Based on the observation in the phase 1 studies that a significant proportion of patients achieved complete remission and had no detectable disease by high-sensitivity flow cytometry, the potency and efficacy of ABT-199 appear extremely promising. In the preclinical setting, ABT-199 showed synergy with several compounds, including anti-CD20 antibodies, chemotherapy drugs, and the PI3K ∂ inhibitor. The potential promise of these combinations is very exciting.

Disclosure

Dr Seymour is a member of the advisory boards of and has received honoraria from AbbVie, Genentech, and Roche.

Suggested Reading

Furman RR, Sharman JP, Coutre SE, et al. Idelalisib and rituximab in relapsed chronic lymphocytic leukemia. N Engl J Med. 2014;370(11):997-1007.

Roberts AW, Ma S, Kipps S, et al. ABT-199 (GDC-0199) combined with rituximab (R) in patients with relapsed / refractory (R/R) chronic lymphocytic leukemia (CLL): interim results of a phase 1B study [EHA abstract S703]. Haematologica. 2014;99(suppl 1).

Roberts AW, Seymour JF, Brown JR, et al. Substantial susceptibility of chronic lymphocytic leukemia to BCL2 inhibition: results of a phase I study of navitoclax in patients with relapsed or refractory disease. J Clin Oncol. 2012;30(5):488-496.

Seymour JF, Davids MS, Pagel JM, et al. ABT-199 (GDC-0199) in relapsed/refractory chronic lymphocytic leukemia and small lymphocytic leukemia: high complete response rate and durable disease control [ASCO abstract 7015]. J Clin Oncol. 2014;32(5)(suppl).

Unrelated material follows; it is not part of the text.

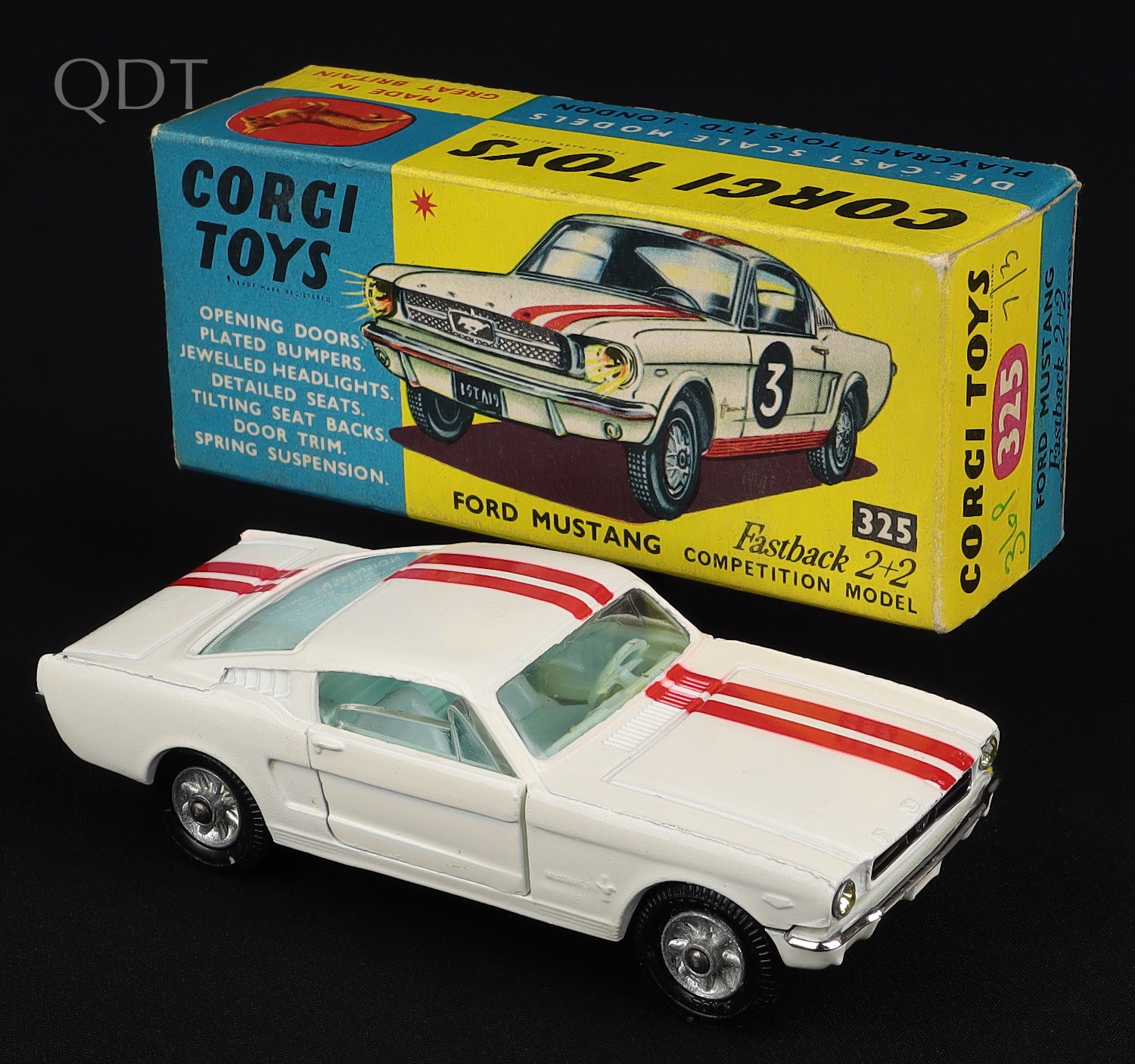 Ford Mustang Fastback 2 + 2 Competition Model by Corgi Toys, No. 325. With red stripes. DETAILED CAST WHEELS issue. BLUE INTERIOR & version WITHOUT formed shape for Corgi dog at rear. Very near mint/boxed. From The Elmer Collection.

Seymour JF, Davids MS, Pagel JM, et al. ABT-199 (GDC-0199) in relapsed/refractory chronic lymphocytic leukemia and small lymphocytic lymphoma: high response rates among patients with high risk disease features including unmutated IGHV [EHA abstract S702]. Haematologica. 2014;99(suppl 1).

Souers AJ, Leverson JD, Boghaert ER, et al. ABT-199, a potent and selective BCL-2 inhibitor, achieves antitumor activity while sparing platelets. Nat Med. 2013;19(2):202-208.